Top   ToC   RFC3320 - Page 33

8.4. Byte copying

A number of UDVM instructions require a string of bytes to be copied to and from areas of the UDVM memory. This section defines how the byte copying operation should be performed. The string of bytes is copied in ascending order of memory address, respecting the bounds set by byte_copy_left and byte_copy_right. More precisely, if a byte is copied from/to Address m then the next byte is copied from/to Address n where n is calculated as follows: Set k := m + 1 (modulo 2^16) If k = byte_copy_right then set n := byte_copy_left, else set n := k Decompression failure occurs if a byte is copied from/to an address beyond the UDVM memory. Note that the string of bytes is copied one byte at a time. In particular, some of the later bytes to be copied may themselves have been written into the UDVM memory by the byte copying operation currently being performed. Equally, it is possible for a byte copying operation to overwrite the instruction that invoked the byte copy. If this occurs, then the byte copying operation MUST be completed as if the original instruction were still in place in the UDVM memory (this also applies if byte_copy_left or byte_copy_right are overwritten). Byte copying is used by the following UDVM instructions: SHA-1, COPY, COPY-LITERAL, COPY-OFFSET, MEMSET, INPUT-BYTES, STATE- ACCESS, OUTPUT, END-MESSAGE

8.5. Instruction operands and UDVM bytecode

Each of the UDVM instructions in a piece of UDVM bytecode is represented by a single byte, followed by 0 or more bytes containing the operands required by the instruction. During instruction execution, conceptually the UDVM first fetches the first byte of the instruction, determines the number and types of operands required for this instruction, and then decodes all the operands in sequence before starting to act on the instruction. (Note that the UDVM instructions have been designed in such a way that this sequence remains conceptual in those cases where it would result in an unreasonable burden on the implementation.)
Top   ToC   RFC3320 - Page 34
   To reduce the size of typical UDVM bytecode, each operand for a UDVM
   instruction is compressed using variable-length encoding.  The aim is
   to store more common operand values using fewer bytes than rarely
   occurring values.

   Four different types of operand are available: the literal, the
   reference, the multitype and the address.  Chapter 9 gives a complete
   list of UDVM instructions and the operand types that follow each
   instruction.

   The UDVM bytecode for each operand type is illustrated in Figure 8 to
   Figure 10, together with the integer values represented by the
   bytecode.

   Note that the MSBs in the bytecode are illustrated as preceding the
   LSBs.  Also, any string of bits marked with k consecutive "n"s is to
   be interpreted as an integer N from 0 to 2^k - 1 inclusive (with the
   MSBs of n illustrated as preceding the LSBs).

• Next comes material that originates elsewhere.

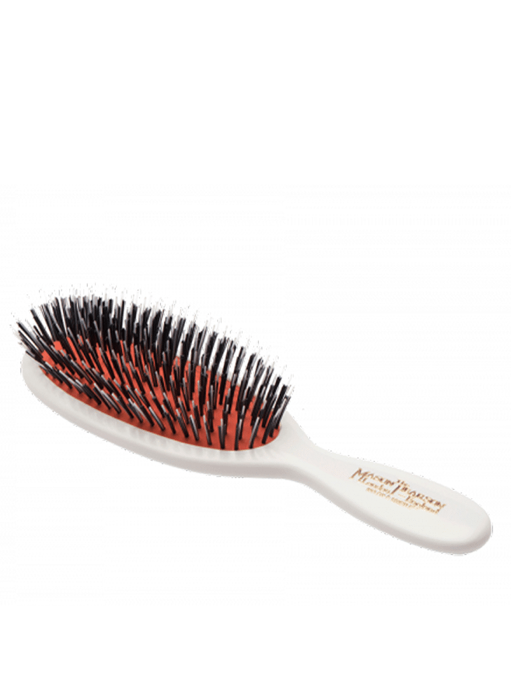Bristle Mixed Pocket BN4 borstel is gemaakt van zwijnenhaar gecombineerd met nylon (mix). Het is een pneumatische ovalen borstel met een rood kussen. De Mason Pearson mix is het beste geschikt voor normaal tot dik haar.

   The decoded integer value of the bytecode can be interpreted in two
   ways.  In some cases it is taken to be the actual value of the
   operand.  In other cases it is taken to be a memory address at which
   the 2-byte operand value can be found (MSBs found at the specified
   address, LSBs found at the following address).  The latter cases are
   denoted by memory[X] where X is the address and memory[X] is the 2-
   byte value starting at Address X.

   The simplest operand type is the literal (#), which encodes a
   constant integer from 0 to 65535 inclusive.  A literal operand may
   require between 1 and 3 bytes depending on its value.

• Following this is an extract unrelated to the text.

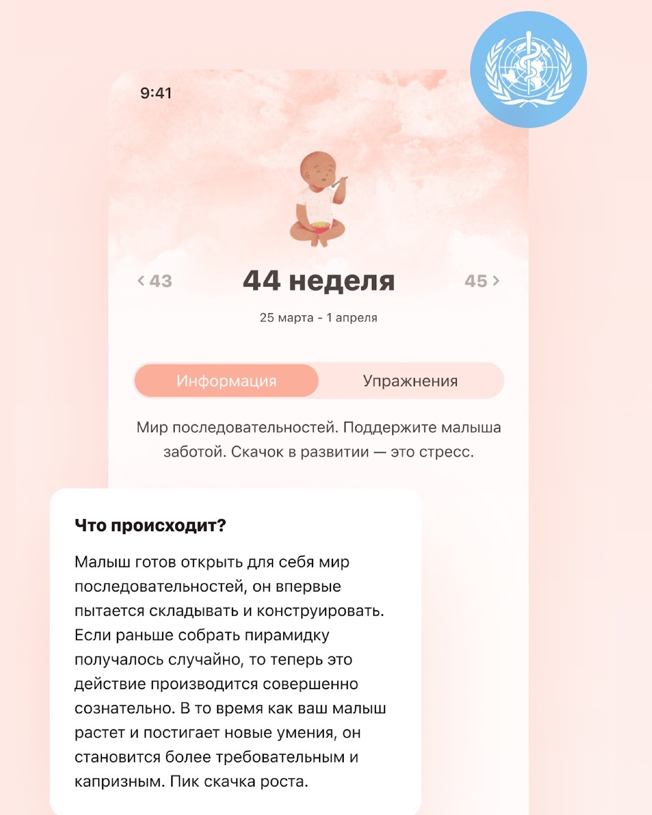 Приложение «Скачки роста» — это персональный гид в мире раннего развития до 2 лет. Вы узнаете, чем занять карапуза, как правильно оценивать его успехи по возрастным нормам, сможете наладить режим сна и прикорм.

   Bytecode:                       Operand value:      Range:

   0nnnnnnn                        N                   0 - 127
   10nnnnnn nnnnnnnn               N                   0 - 16383
   11000000 nnnnnnnn nnnnnnnn      N                   0 - 65535

               Figure 8: Bytecode for a literal (#) operand

   The second operand type is the reference ($), which is always used to
   access a 2-byte value located elsewhere in the UDVM memory.  The
   bytecode for a reference operand is decoded to be a constant integer
   from 0 to 65535 inclusive, which is interpreted as the memory address
   containing the actual value of the operand.
Top   ToC   RFC3320 - Page 35
   Bytecode:                       Operand value:      Range:

   0nnnnnnn                        memory[2 * N]       0 - 65535
   10nnnnnn nnnnnnnn               memory[2 * N]       0 - 65535
   11000000 nnnnnnnn nnnnnnnn      memory[N]           0 - 65535

              Figure 9: Bytecode for a reference ($) operand

   Note that the range of a reference operand is always 0 - 65535
   independently of how many bits are used to encode the reference,
   because the operand always references a 2-byte value in the memory.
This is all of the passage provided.